▶ _EXERCISE AIM_
Repeat, word for word and with nothing added, each line from the one containing "- 3 Adjustable" to the final line of the data, keeping both ends. Pictures are not part of the copy.

▶ _EXERCISE INPUT_
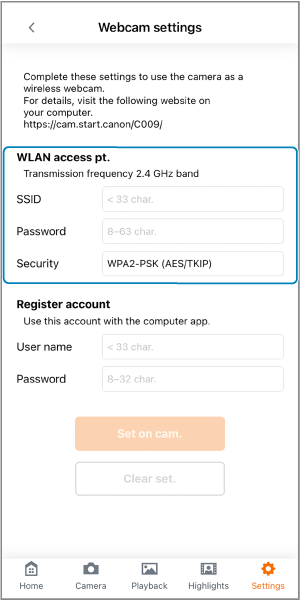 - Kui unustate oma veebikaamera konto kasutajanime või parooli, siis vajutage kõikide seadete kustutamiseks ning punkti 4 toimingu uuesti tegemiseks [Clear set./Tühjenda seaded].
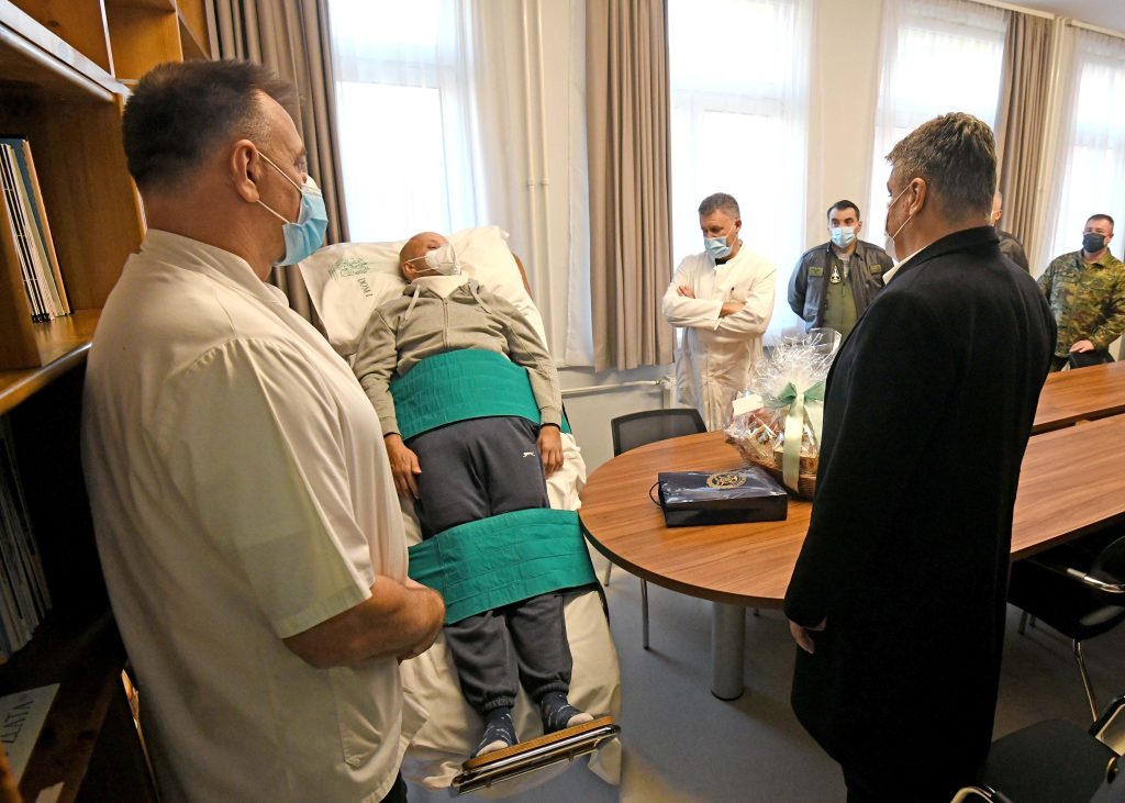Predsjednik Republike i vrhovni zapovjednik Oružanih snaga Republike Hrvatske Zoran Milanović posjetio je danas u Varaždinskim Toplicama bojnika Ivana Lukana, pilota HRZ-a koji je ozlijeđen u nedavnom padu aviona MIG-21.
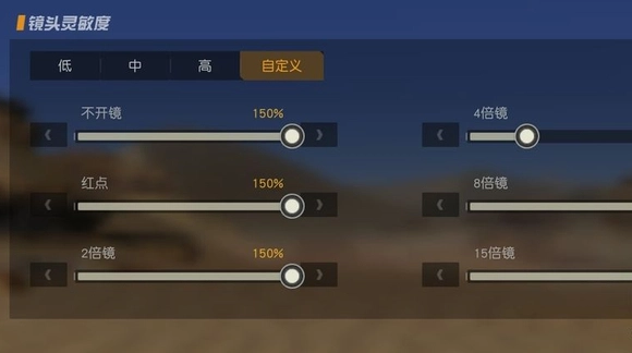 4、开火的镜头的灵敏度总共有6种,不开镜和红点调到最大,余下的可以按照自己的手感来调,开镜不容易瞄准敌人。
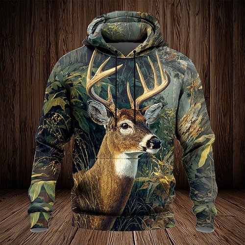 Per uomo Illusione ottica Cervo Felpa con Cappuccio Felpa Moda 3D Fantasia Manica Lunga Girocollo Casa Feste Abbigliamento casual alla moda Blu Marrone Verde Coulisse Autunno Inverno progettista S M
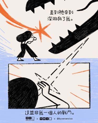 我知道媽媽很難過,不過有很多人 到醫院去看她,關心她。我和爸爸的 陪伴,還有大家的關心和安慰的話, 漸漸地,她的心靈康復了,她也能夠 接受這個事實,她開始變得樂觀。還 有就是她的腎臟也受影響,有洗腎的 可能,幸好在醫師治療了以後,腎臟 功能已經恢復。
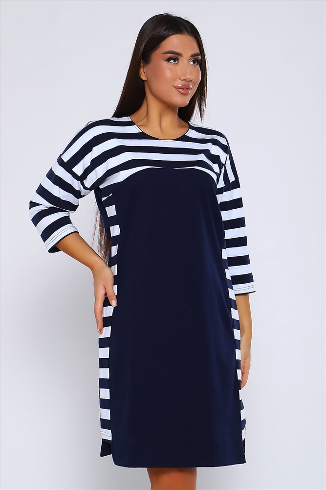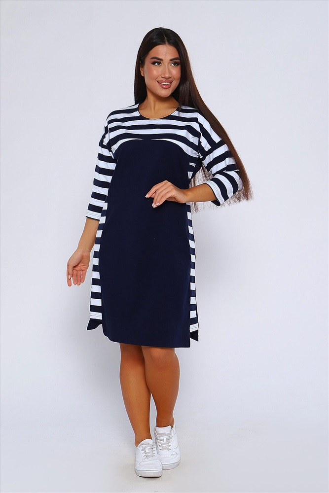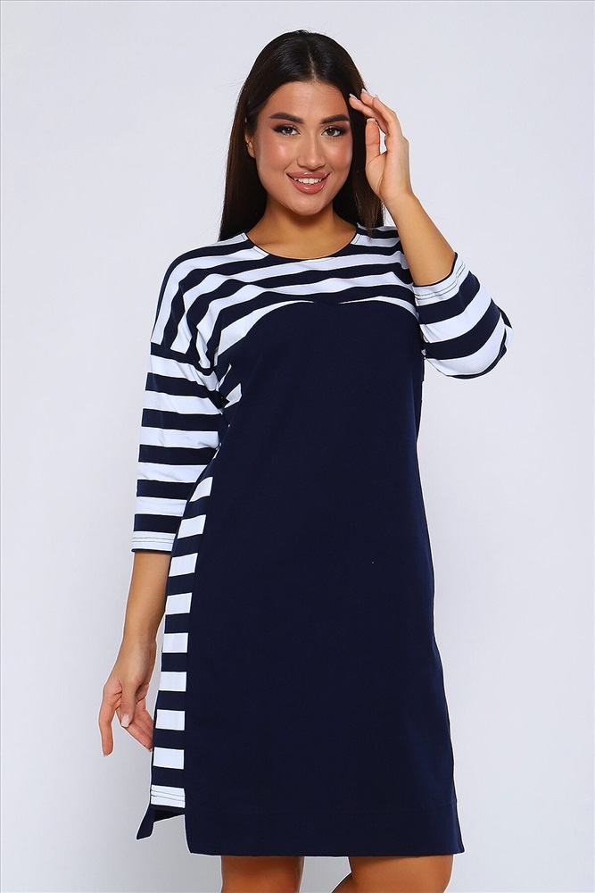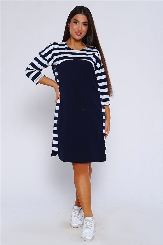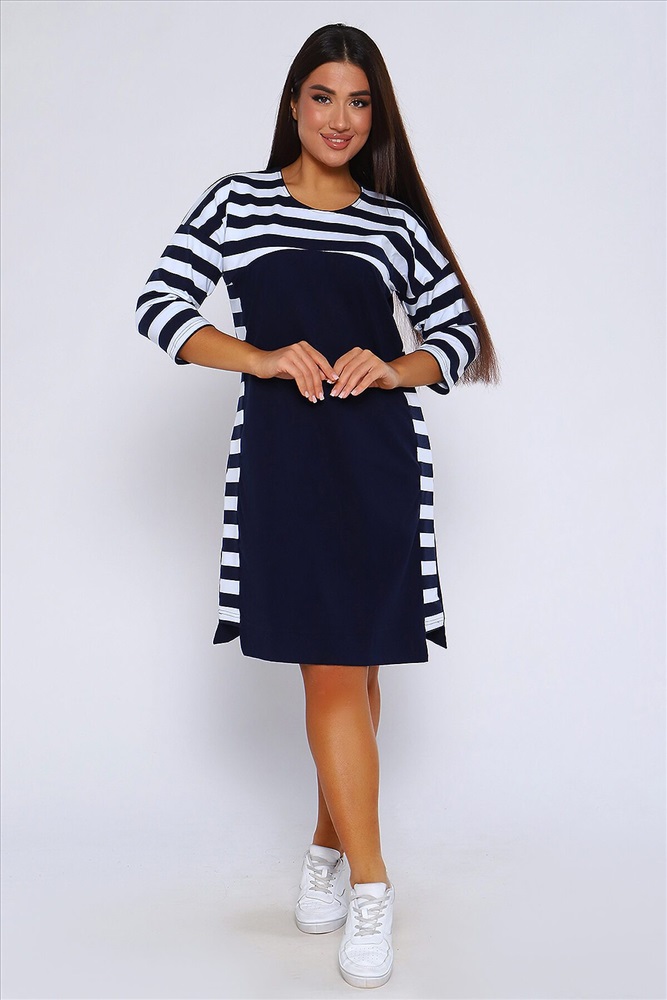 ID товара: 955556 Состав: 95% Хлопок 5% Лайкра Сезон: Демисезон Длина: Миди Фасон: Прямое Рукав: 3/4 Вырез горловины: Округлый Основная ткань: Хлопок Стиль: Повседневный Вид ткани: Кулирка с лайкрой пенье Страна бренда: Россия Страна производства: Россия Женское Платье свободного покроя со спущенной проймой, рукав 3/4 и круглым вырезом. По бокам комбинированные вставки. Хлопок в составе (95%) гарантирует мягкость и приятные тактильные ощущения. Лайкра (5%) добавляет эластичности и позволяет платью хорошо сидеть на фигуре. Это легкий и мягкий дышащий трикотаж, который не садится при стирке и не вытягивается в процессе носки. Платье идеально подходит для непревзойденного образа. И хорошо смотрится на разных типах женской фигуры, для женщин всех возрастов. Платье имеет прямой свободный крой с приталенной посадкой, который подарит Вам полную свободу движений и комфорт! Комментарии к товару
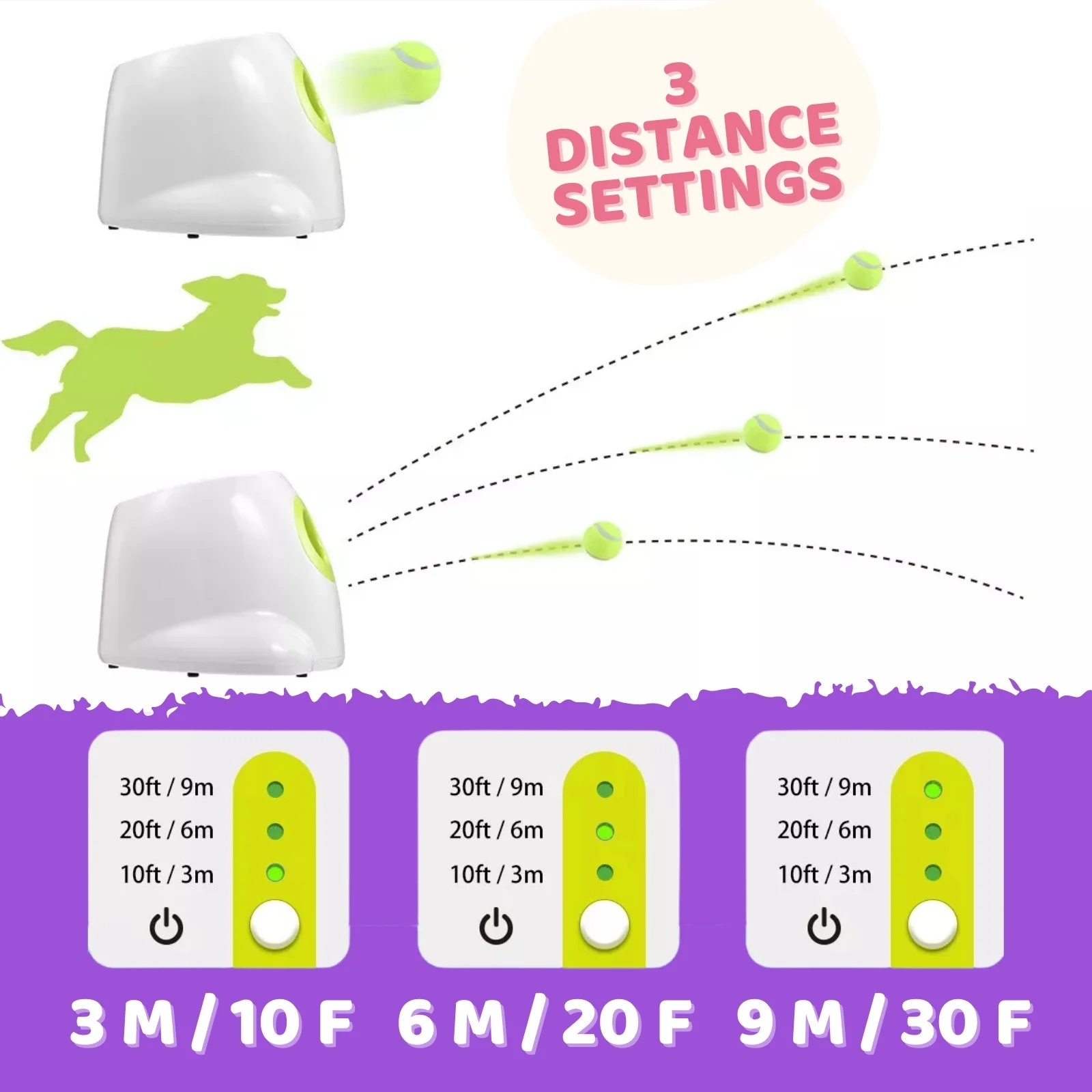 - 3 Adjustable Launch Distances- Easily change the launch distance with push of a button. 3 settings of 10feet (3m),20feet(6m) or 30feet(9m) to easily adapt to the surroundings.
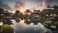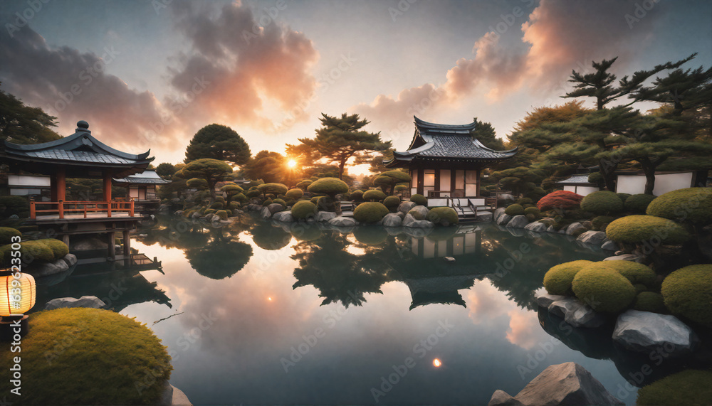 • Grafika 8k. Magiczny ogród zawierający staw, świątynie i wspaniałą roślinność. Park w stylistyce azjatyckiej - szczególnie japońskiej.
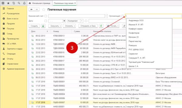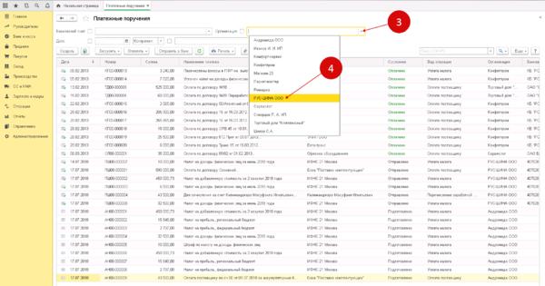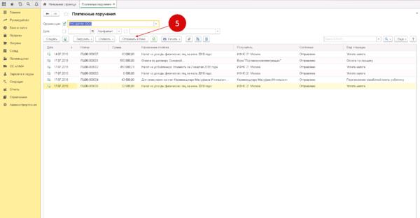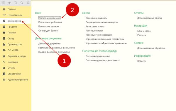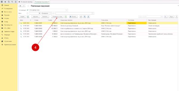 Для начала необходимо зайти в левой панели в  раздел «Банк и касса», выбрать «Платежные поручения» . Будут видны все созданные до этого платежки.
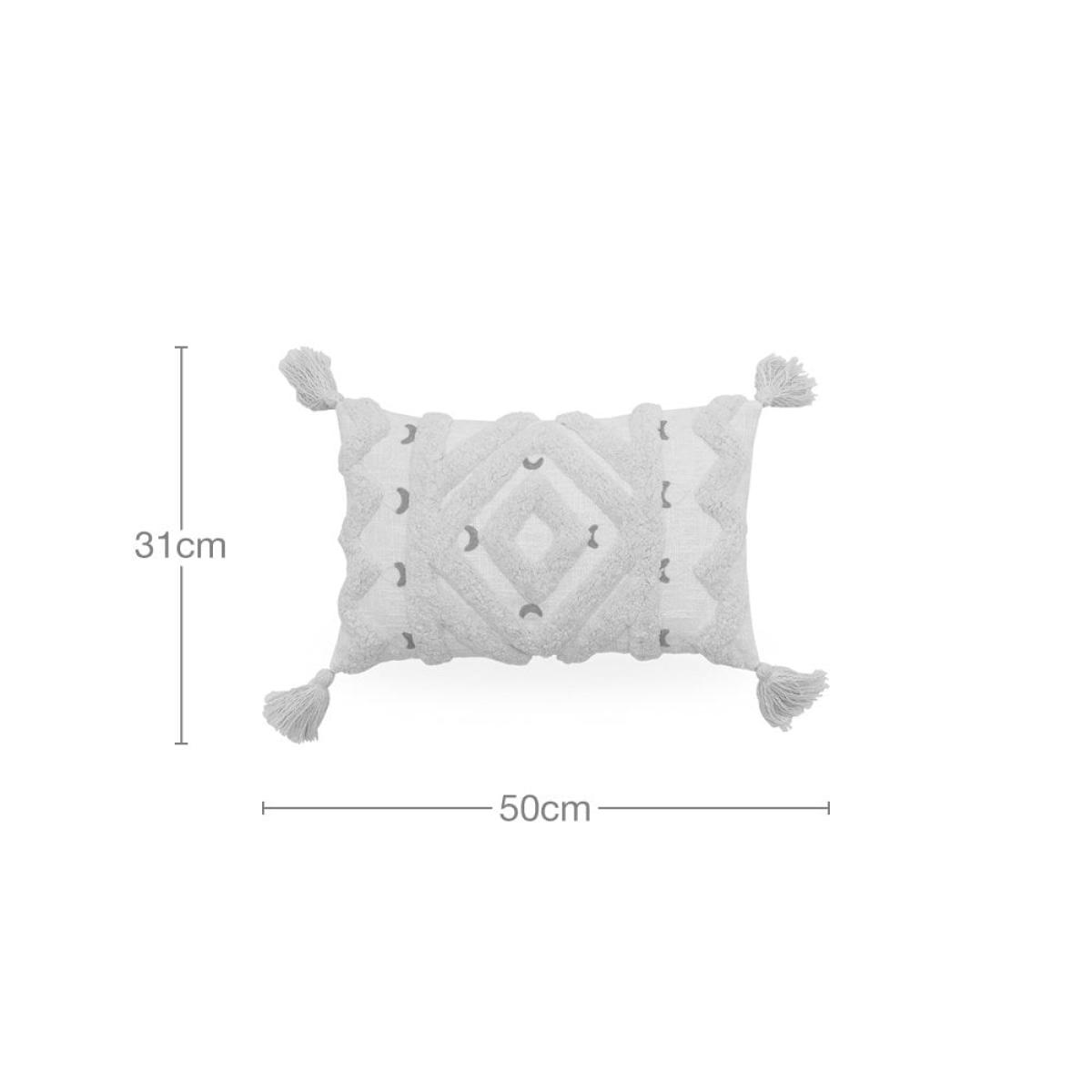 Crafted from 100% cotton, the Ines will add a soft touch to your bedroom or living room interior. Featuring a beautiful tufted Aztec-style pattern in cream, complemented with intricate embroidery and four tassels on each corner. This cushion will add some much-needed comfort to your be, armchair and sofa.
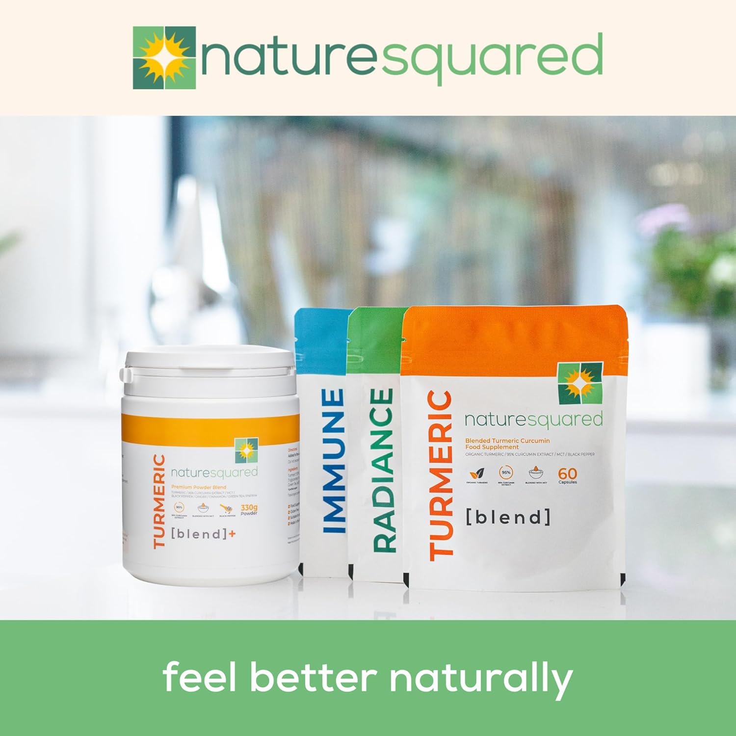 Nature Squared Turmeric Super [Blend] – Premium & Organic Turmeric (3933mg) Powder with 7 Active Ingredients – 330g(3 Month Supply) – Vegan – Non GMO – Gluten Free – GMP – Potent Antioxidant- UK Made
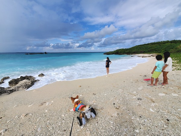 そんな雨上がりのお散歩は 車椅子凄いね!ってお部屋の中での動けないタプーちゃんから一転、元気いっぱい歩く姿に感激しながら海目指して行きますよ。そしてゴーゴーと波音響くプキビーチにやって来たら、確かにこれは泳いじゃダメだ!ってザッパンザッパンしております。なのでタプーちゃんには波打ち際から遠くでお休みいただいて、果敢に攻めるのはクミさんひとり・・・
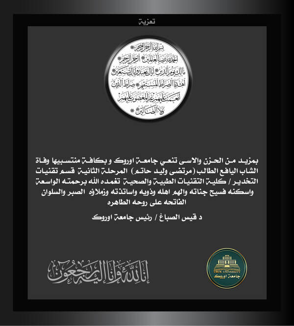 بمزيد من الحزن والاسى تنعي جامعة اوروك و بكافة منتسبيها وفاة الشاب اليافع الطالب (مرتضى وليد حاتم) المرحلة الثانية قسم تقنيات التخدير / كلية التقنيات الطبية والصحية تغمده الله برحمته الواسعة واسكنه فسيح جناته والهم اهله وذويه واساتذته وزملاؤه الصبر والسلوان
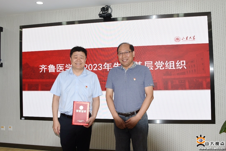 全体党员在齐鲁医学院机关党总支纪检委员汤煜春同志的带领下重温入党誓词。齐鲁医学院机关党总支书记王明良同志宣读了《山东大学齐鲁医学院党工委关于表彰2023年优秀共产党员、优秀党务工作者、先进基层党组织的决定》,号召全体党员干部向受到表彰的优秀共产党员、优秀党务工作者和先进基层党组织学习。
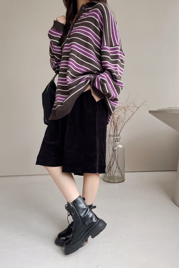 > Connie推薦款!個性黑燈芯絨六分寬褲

▶ _ANSWER_
 - 3 Adjustable Launch Distances- Easily change the launch distance with push of a button. 3 settings of 10feet (3m),20feet(6m) or 30feet(9m) to easily adapt to the surroundings.
 • Grafika 8k. Magiczny ogród zawierający staw, świątynie i wspaniałą roślinność. Park w stylistyce azjatyckiej - szczególnie japońskiej.
 Для начала необходимо зайти в левой панели в  раздел «Банк и касса», выбрать «Платежные поручения» . Будут видны все созданные до этого платежки.
 Crafted from 100% cotton, the Ines will add a soft touch to your bedroom or living room interior. Featuring a beautiful tufted Aztec-style pattern in cream, complemented with intricate embroidery and four tassels on each corner. This cushion will add some much-needed comfort to your be, armchair and sofa.
 Nature Squared Turmeric Super [Blend] – Premium & Organic Turmeric (3933mg) Powder with 7 Active Ingredients – 330g(3 Month Supply) – Vegan – Non GMO – Gluten Free – GMP – Potent Antioxidant- UK Made
 そんな雨上がりのお散歩は 車椅子凄いね!ってお部屋の中での動けないタプーちゃんから一転、元気いっぱい歩く姿に感激しながら海目指して行きますよ。そしてゴーゴーと波音響くプキビーチにやって来たら、確かにこれは泳いじゃダメだ!ってザッパンザッパンしております。なのでタプーちゃんには波打ち際から遠くでお休みいただいて、果敢に攻めるのはクミさんひとり・・・
 بمزيد من الحزن والاسى تنعي جامعة اوروك و بكافة منتسبيها وفاة الشاب اليافع الطالب (مرتضى وليد حاتم) المرحلة الثانية قسم تقنيات التخدير / كلية التقنيات الطبية والصحية تغمده الله برحمته الواسعة واسكنه فسيح جناته والهم اهله وذويه واساتذته وزملاؤه الصبر والسلوان
 全体党员在齐鲁医学院机关党总支纪检委员汤煜春同志的带领下重温入党誓词。齐鲁医学院机关党总支书记王明良同志宣读了《山东大学齐鲁医学院党工委关于表彰2023年优秀共产党员、优秀党务工作者、先进基层党组织的决定》,号召全体党员干部向受到表彰的优秀共产党员、优秀党务工作者和先进基层党组织学习。
 > Connie推薦款!個性黑燈芯絨六分寬褲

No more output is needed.